Я смотрел на твою фотокарточку      при каждом удобном случае: Стоя на танке, Кладущем клетчатые следы      на чернозем, Сидя на тюке сена      на летящей на запад платформе, В госпитале      у переднего края, Где раненые      лежат на соломе        кругом, Где я выходил на воздух      плакать о человеческой жизни. В полях, где мы      убивали врага И жалели сады под огнем, В краях, где мы танками      землю вспахали, Где половина наших друзей    полегла, Где освобожденные полонянки      посылали нам поцелуи, А бандеровцы стреляли      из-за угла. В домах, где матери божии,      окруженные сиянием, Мне казались      похожими на парашютисток. На марше, в пути, когда мы переходили границу (Это было в полдень. Дождь      на асфальте кипел, Мы протирали стекла кабин      рукавицами, Чтобы лучше видеть      Европу, И перед въездом туда      я опять на тебя посмотрел). И там, где лежали      под ногами        немецкие артисты      из немецких журналов, Где ветер шумит,      чужую листву        в чужих садах шевеля, Где два потока крови      (немецкой и русской)        текут не сливаясь, Где смотрит на нас      из гранита        чужая земля… Твоя фотокарточка      всюду была        со мною. Так будет и дальше —      до самого дня        окончанья войны. Легкие нам наполняя      воздухом        танкового боя, Приходит решительное лето,      и встретиться        скоро мы должны.

1944

«Ревя на повороте и подъеме…»

Ревя на повороте и подъеме, Идет наш танк. Пока вдали враги, Мы ночью спим на танке, как на громе.

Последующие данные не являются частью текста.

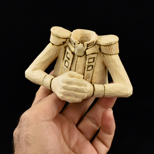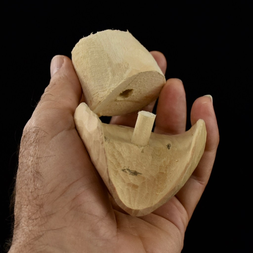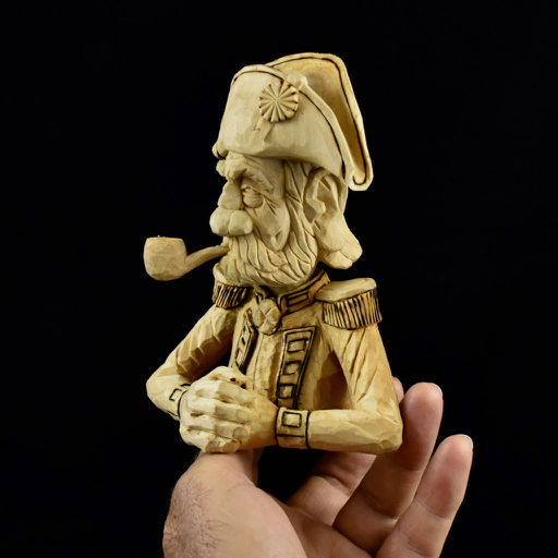 From there, a combination of a Foredom “Typhoon” bit followed with a knife and gouge resulted in the basic hat and body. By the way, I found out in the process that the hat is called a “bicorne”…didn’t know that. I used the usual method of transferring lead pencil markings from the head to the hat to seat the hat very precisely on the head. Check out one of Lynn Doughty’s great videos on Outwestwoodcarving if you need a bit more of an explanation on this method. You can see that I also used a burning tool to clean things up as I went.

На жалюзи мы сушим сапоги. Согревшись, засыпаешь на мгновенье, И вновь со дна, куда его ты вверг, Не досмотрев рисунки сновиденья, Сознание карабкается вверх, И хочется уснуть наполовину, Прислушиваясь к грохоту лавины, Чтоб сонного бомбежка не застала (Так можно, не проснувшись, умереть, И, значит, надо встать, забыв усталость, Чтоб собственную смерть не просмотреть. И мы, конечно, правы, и поверьте, Обидно будет умереть во сне. И я хочу присутствовать при смерти, — Тогда еще поборемся мы с ней. И, может быть, поборем — мы упрямы. И будем жить, чтобы врага добить). И вдруг сквозь сон ты слышишь: воет    «рама» — Выходит «юнкерс» сны твои бомбить. И сны бегут. В убежище. Теснятся. Проснулся, смотришь — бомбы не видны, Так даже сны военные нам снятся — Воздушные и танковые сны.

1944

У входа в Скалат

А. Б. Лозовскому

Полковник, помните Скалат, Где «тигр» с обугленною кожей И танк уральский, в пепле тоже, Лоб в лоб уткнулись и стоят? Полковник, помните, по трактам Тогда и нас водил сквозь смерть Такой же танковый характер — Или прорваться, иль сгореть.

1944

Разбитый танк

Металлу, наверное, снится, Что снова он стал рудой, Лежит на горе Магнитной, Бесформенный и молодой; Что снова идет он в домну, И снова проходит прокат, И движется танком огромным, И пушкой глядит на закат; И снова он давит бронею И гонит врага вон. Раскинулось поле боя, И снится металлу сон.

1944

«Я был убит приснившимся осколком…»

Я был убит приснившимся осколком. Моя невеста плакала вдали. Она еще не выплакалась толком — Уже за ней охотники пришли. Нет, я тебя, о жизнь, не обвиняю За то, что ты недолго помнишь нас. Такой, как есть, тебя я принимаю На год, на день, на молодость, на час. Меня любила девушка, наверно. Меня любила девушка. Она Была, наверно, мне до смерти верной, А после смерти верность не нужна. Прости меня, далекая, живая, Что я тебя при жизни ревновал, Опасности везде подозревая, Ступить тебе и шагу не давал. Но в шесть утра горнисты Измаила, Как ангелы, трубящие в раю, Солдата вновь подняли из могилы, И я опять ревную и люблю.

1945

«Был холод декабрьский, и я возле танка…»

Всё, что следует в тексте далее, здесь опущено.